Lula aparece na liderança dos cenários eleitorais testados. Não por acaso. Ele encarna, para uma parcela expressiva da sociedade, a memória de um tempo em que o país parecia mais previsível, mais integrado, mais capaz de produzir alguma forma de ascensão social. Mas essa liderança não vem acompanhada de entusiasmo. Vem cercada de rejeição. Vem atravessada por ambivalência. O mesmo eleitor que reconhece em Lula uma figura de estabilidade também expressa desconfiança, desapontamento e frustração. É como se o país dissesse, silenciosamente, que não acredita mais plenamente em ninguém, mas ainda assim teme profundamente as alternativas.
Do outro lado do espelho político, o bolsonarismo segue presente como sombra e como ameaça simbólica. Mesmo com Jair Bolsonaro fora do jogo institucional, sua força permanece no imaginário político.
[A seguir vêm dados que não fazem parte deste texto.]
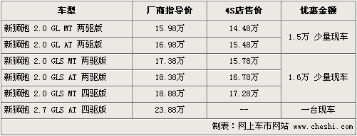 據(jù)東風(fēng)悅達(dá)起亞4S店銷售人員介紹,目前獅跑2.0車型高配車型優(yōu)惠1.6萬(wàn)元,低配車型優(yōu)惠1.5萬(wàn)元,其中2.0兩驅(qū)最低售價(jià)14.28萬(wàn)元,目前自動(dòng)檔現(xiàn)車不太齊全,部分車型顏色還是需要預(yù)訂,訂金為2千元,最快半個(gè)月內(nèi)可以提到車。另外如購(gòu)買2.7車型到店詳談會(huì)有更高的優(yōu)惠幅度。另?yè)?jù)介紹,少量的現(xiàn)車中已加入導(dǎo)航、倒車影像系統(tǒng)等配置,價(jià)格方面也有所增加。如消費(fèi)者有意購(gòu)買,到店詳談會(huì)有更優(yōu)惠的價(jià)格。北京地區(qū)各4S店由于訂單不同,各店銷售的現(xiàn)車顏色有所不同。

A pesquisa mostra que nomes associados a ele carregam altos índices de rejeição, mas também conservam uma base fiel. Essa combinação é reveladora. O bolsonarismo deixou de ser apenas um projeto político. Tornou-se um dispositivo emocional. Um modo de organizar ressentimentos, medos e fantasias de ordem em uma sociedade profundamente desigual. Ele não cresce apenas pela adesão. Ele se mantém pela radicalização afetiva. Pela lógica do nós contra eles. Pela recusa em aceitar a complexidade do mundo social.
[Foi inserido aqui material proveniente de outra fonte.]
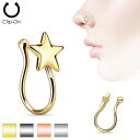 スター ノンホールピアス フェイクリングピアス ノンホール フープピアス風 星 シルバー ゴールド ピンクゴールド ブラック 金色 黒色 銀色 ノーズクリップ フェイク鼻ピアス ノーズクリップ 耳たぶ 軟骨 イヤーカフ レディース イヤリング 鼻 耳 ノーホール

Sociologicamente, o Brasil captado pela Quaest é um país fraturado não apenas por ideologia, mas por experiências de vida radicalmente distintas. Há um Brasil que teme o retorno do autoritarismo e outro que sente nostalgia de uma autoridade imaginada. Há um Brasil que associa democracia à proteção de direitos e outro que a percebe como sinônimo de desordem. Essas percepções não surgem do nada. Elas são produzidas por décadas de desigualdade estrutural, de exclusão histórica, de violência cotidiana e de um Estado que nunca conseguiu ser plenamente percebido como justo ou eficaz.
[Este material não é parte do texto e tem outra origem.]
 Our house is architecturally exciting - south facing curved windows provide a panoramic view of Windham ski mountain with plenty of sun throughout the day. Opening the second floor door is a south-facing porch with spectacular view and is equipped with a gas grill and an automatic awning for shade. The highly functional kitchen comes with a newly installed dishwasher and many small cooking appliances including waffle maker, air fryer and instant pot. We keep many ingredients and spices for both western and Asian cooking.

Nesse cenário, a política deixa de ser um espaço de construção coletiva e passa a funcionar como arena de projeções psicológicas. O eleitor não escolhe apenas programas ou propostas. Ele escolhe símbolos. Escolhe narrativas que deem algum sentido ao seu desconforto existencial. A pesquisa revela isso quando aponta o desejo crescente por uma alternativa que não seja nem Lula nem Bolsonaro. Esse dado é decisivo. Ele mostra que há uma parte significativa da sociedade que já não se reconhece nos polos que organizaram a vida política brasileira na última década. É o grito contido de um país que quer sair da armadilha emocional da polarização, mas ainda não enxerga claramente para onde ir.
Do ponto de vista psicológico, o Brasil revelado pela Quaest é um país em estado de fadiga crônica. Anos de crise política contínua produziram um eleitor hiperestimulado e ao mesmo tempo cansado. Há indignação, mas também apatia. Há engajamento, mas também esgotamento. O excesso de conflito desgastou a capacidade de escuta, de diálogo e até de imaginação política. Muitos eleitores não rejeitam apenas candidatos. Rejeitam a própria experiência política como fonte de sofrimento.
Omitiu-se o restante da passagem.